Tonight I will be talking (9pm Eastern) to David Brin, Hugo and Nebula award winning author of the Uplift Wars series, The Postman (made into a fairly unrecognizable post apocalypse movie starring Kevin Kostner), Earth, The Practice Effect,  a novel in Asimov’s Foundation Universe and other books you can find on his website.  We will talk for a bit about what it is like creating universes all your own, but I would like to focus on his non-fiction book-length essay called The Transparent Society.

In this book, written in 1998, very presciently describes a society where the citizenry will be empowered by the spread of information to anyone who wants to obtain it. Filled with counter-intuitive points of view, the book takes us through the choices we face in a society where, as Larry Ellison of Oracle has said, “privacy is dead; get over it.”  First off, though, he notes that privacy is a very recent development in human society. It is an artifact of modern urban environments and modern transportation systems. Before the industrial revolution, there was no real privacy. People were born, grew up and died in small communities where there were (and could be) no  real secrets.

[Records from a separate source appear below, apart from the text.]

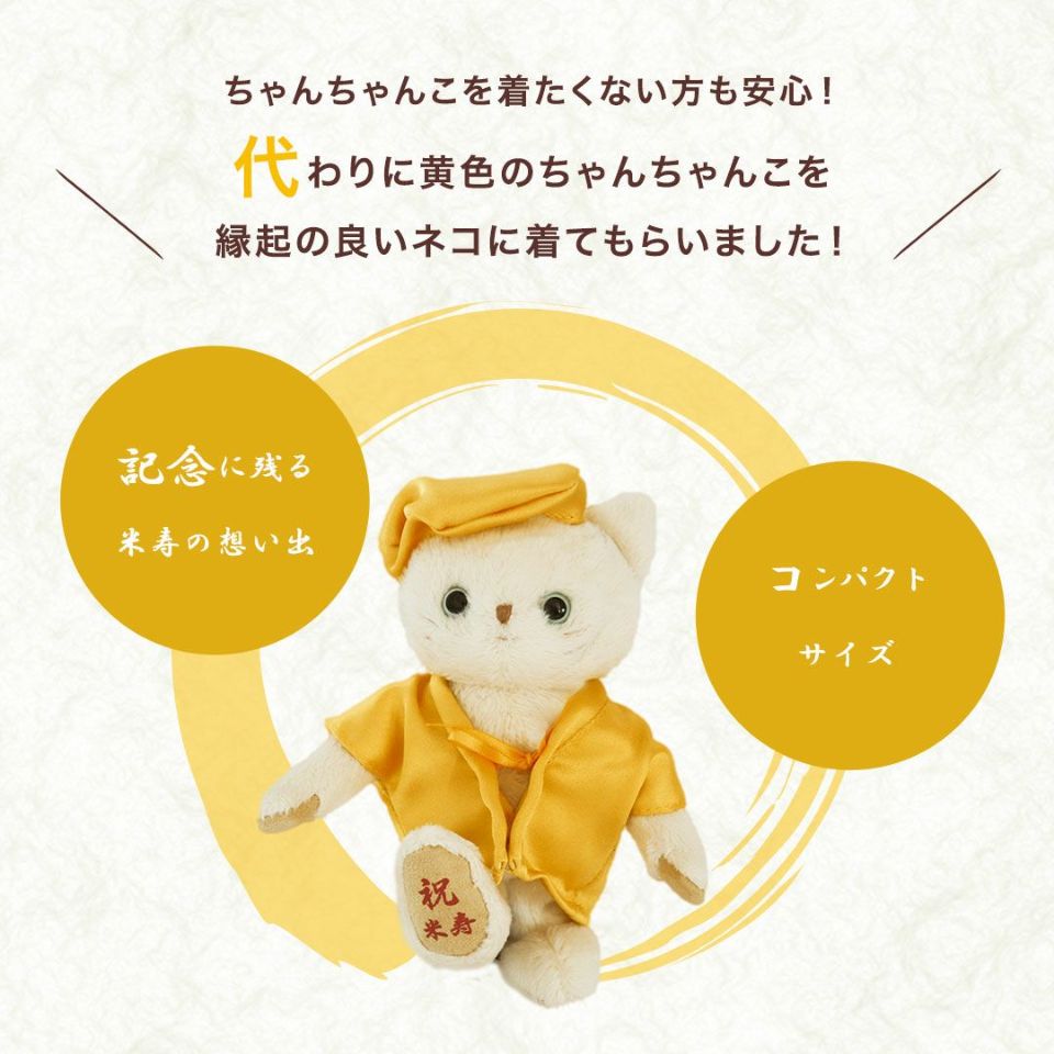 ちゃんちゃんこを着るのは恥ずかしい方もこれで安心! 「代わりにちゃんちゃんこをお祝いネコに着てもらったよ!」 ちゃんちゃんこを着た米寿ネコがお祝いの気持ちをお届けします。
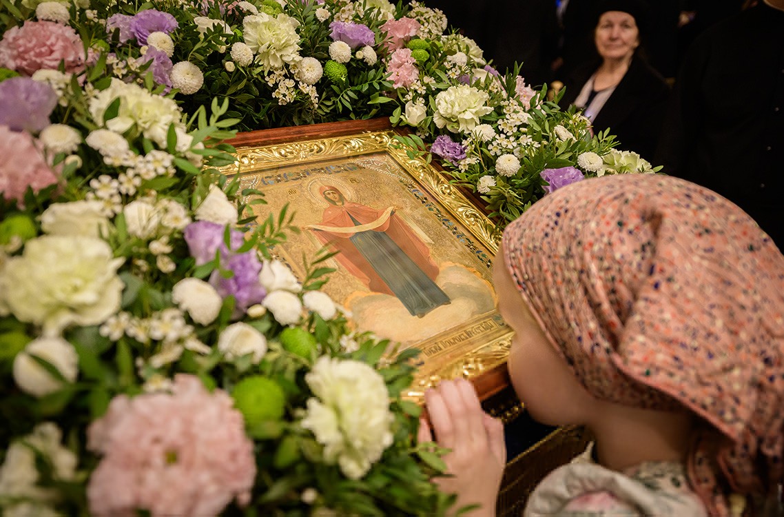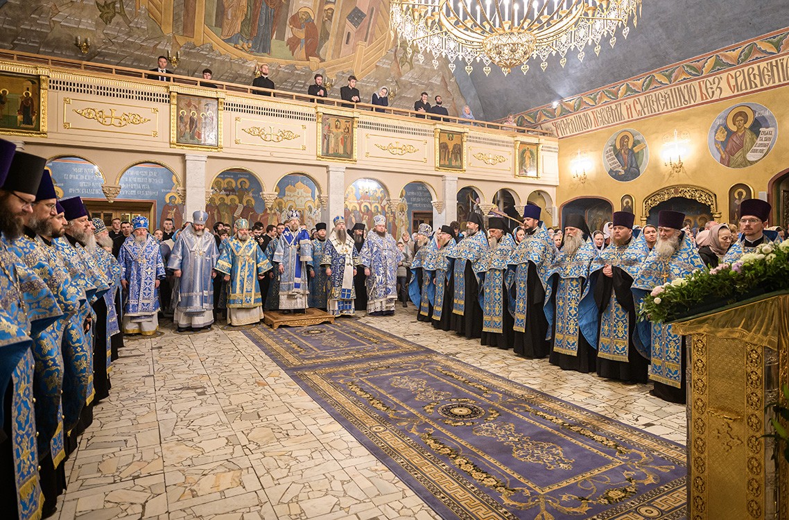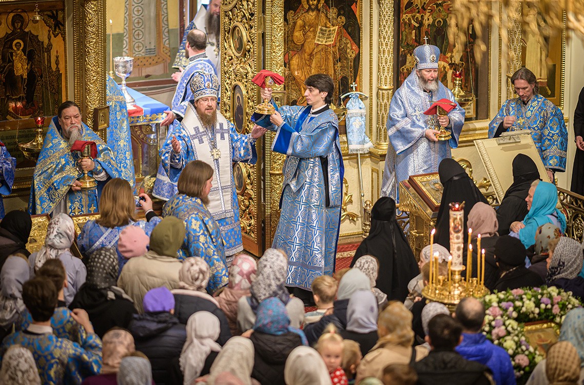 В завершение богослужения архиереи и духовенство совершили славление Пресвятой Богородицы у праздничного образа и вознесли молитву «Царице моя Преблагая».
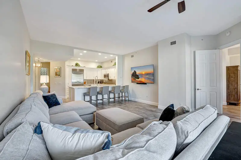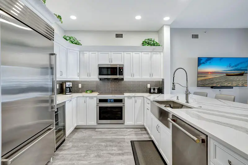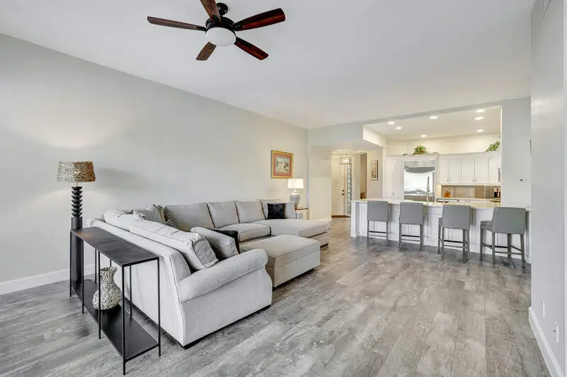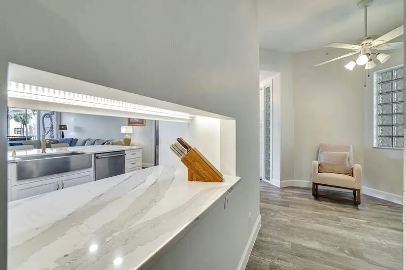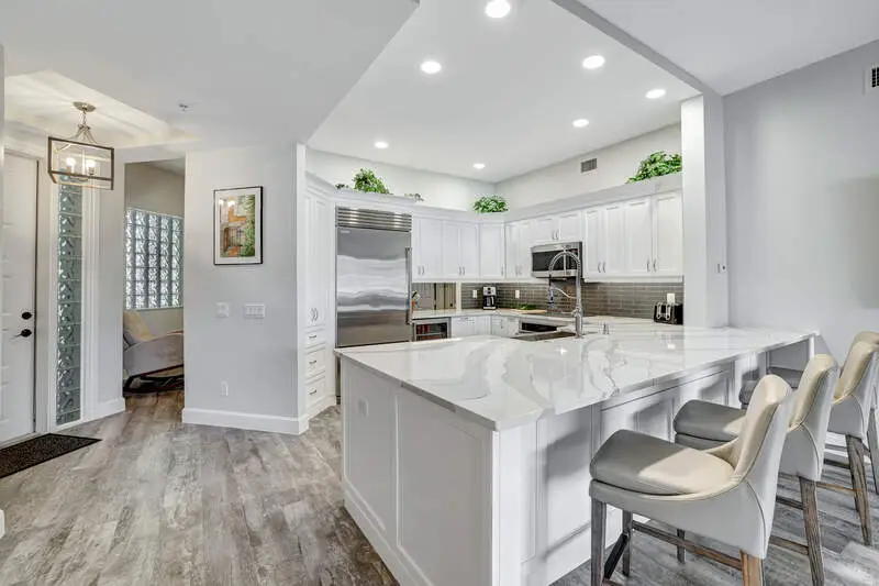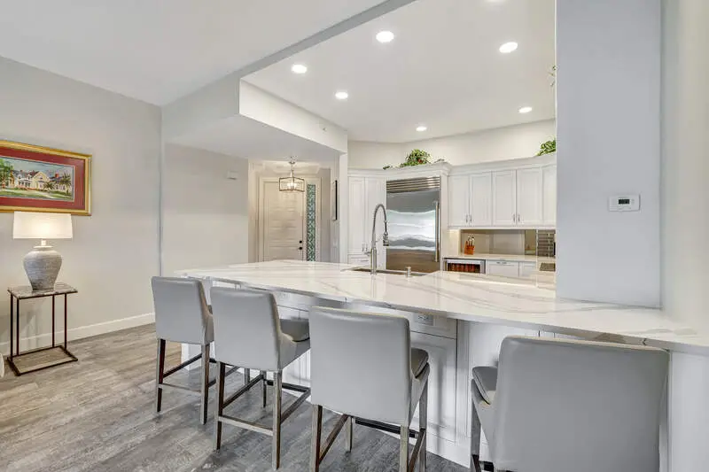 This COMPLETELY RENOVATED residence in the prestigious Pelican Bay community of Breakwater offers the ultimate in luxury coastal living. Thoughtfully redesigned with HIGH-END finishes throughout, including custom cabinetry, luxury flooring, designer tile, and stunning countertops, no expense was spared. The kitchen and living spaces are outfitted with state-of-the-art appliances, blending style and function seamlessly. Bright, open, and coastal, this home is move-in ready for its new owner. The sought-after floor plan features 3 bedrooms + den, 2 baths, high ceilings, an oversized 2-car garage, and convenient elevator access. Enjoy sparkling long lake views from the oversized lanai, perfect for relaxing or entertaining. Breakwater has also been beautifully updated with new roofs, exterior painting, lighting, and signage, along with a fully renovated clubhouse featuring a heated resort-style pool, spa, fitness room, and professional on-site management. This PET-FRIENDLY community with no weight restrictions is one of the most welcoming in Pelican Bay. Living in Pelican Bay means world-class amenities at your doorstep: private beach access with beachfront dining, beach attendants, sailboats and kayaks, a top-tier fitness center, a lakeside wellness studio/spa, two tennis facilities, and pickleball courts coming soon. All just minutes from Waterside Shops, Mercato, and Artis-Naples. Come home to one of Naples' most coveted communities and experience coastal living at its finest.

And now, the combination of integrated databases and ubiquitous surveillance capability, privacy is no longer something we can count on.

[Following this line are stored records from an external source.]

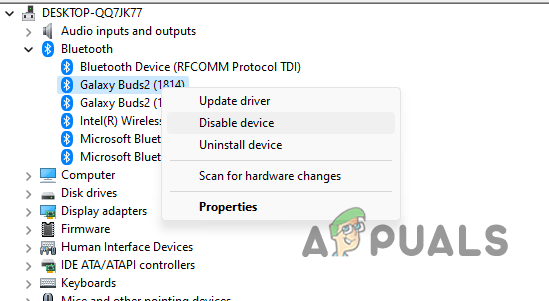 Disabling Bluetooth Device - Right-click on it again and select Enable device.
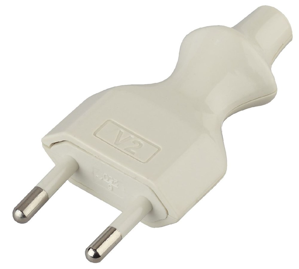 Вилка V2 ЭРА б/з 6А с кольцом прямой вход провода белая
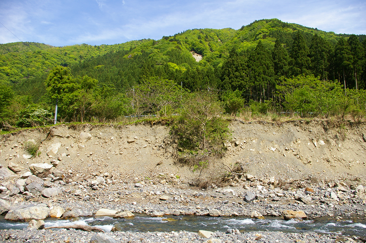 写真3 「天然ダム」の痕跡(正面の丘が崩壊した土砂によって形成された天然ダムの一部)
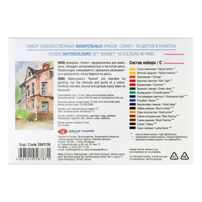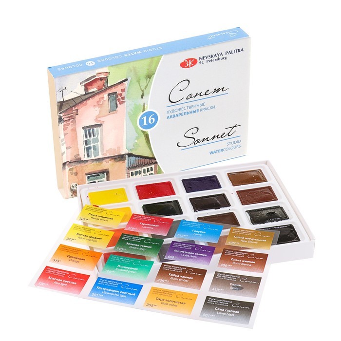 Акварель художественная в кюветах «ЗХК. Сонет», 16 цветов ? 2.5 млВопросы по товару
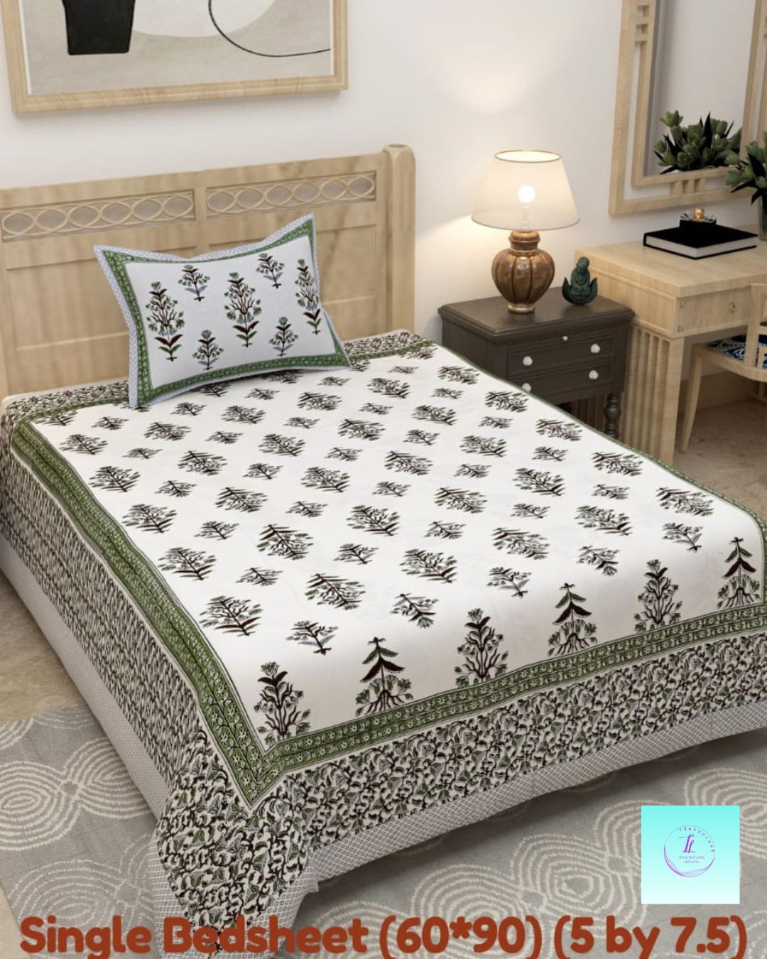 Splendor Jaipuri Pure Cotton Single Bedsheet with 1 Pillow Cover (60×90 inches)

The challenge then becomes whether we can use these tools to monitor government and the large corporations who have come to resemble government agencies in their power over the citizenry and control of citizens’ data.  Some people, like Bruce Schneier (Here at VS with James Fallows) believe David is underestimating the impact of the asymetric power relation between the elites in the state (and in large corporations) and the citizenry.

David replies by noting that we can divide the elites, supported by the ubiquity of new citizen devices:

How have we fought this? One early Enlightenment trick was divide the elites. Sic ’em on each other! Unions vs. management, tort lawyers vs. megacorporations, regulators vs moguls, and activist Nongovernmental Organizations against any power center you can name. NGOs, the boomer innovation, let citizens clump en-masse, pooling influence to increase their common “Schneier exponent” and use information advantageously. It’s an enlightenment method of great power and flexibility. Each person can find and join an NGO suited to any passion or interest.

But the next step in people empowerment is even more impressive — those burgeoning “smart mobs” Howard Rheingold and Vernor Vinge talk about, and now Clay Shirky, in Here Comes Everybody: The Power of Organizing Without Organizations. It’s agile. It’s wired. Every generation innovates, or the Enlightenment dies.

Oh, I can hear cynical snorts. Yes, it’s flawed! Elites keep rediscovering tricks of secret collusion. Still, if it’s hopeless, how come we’re having this conversation?

Almost monthly, we hear of some angry cop arresting a citizen on trumped “privacy violations,” for using a cellcam or MP3 to record an interaction with authority. (In Wired, twelve years ago, I forecast these “rodneykings.”) And each month, judges toss the arrests, forcing police to apologize. Every time. So much for those power-exponents.

Of course, the elites respond, with cops claiming that there is no citizen right to record their actions.  David and I will discuss this conflict, and his belief in its resolution in the interests of the citizenry.

We will also talk about alien contact and SETI.  Because maybe there are real threats out there. (Or, perhaps not.)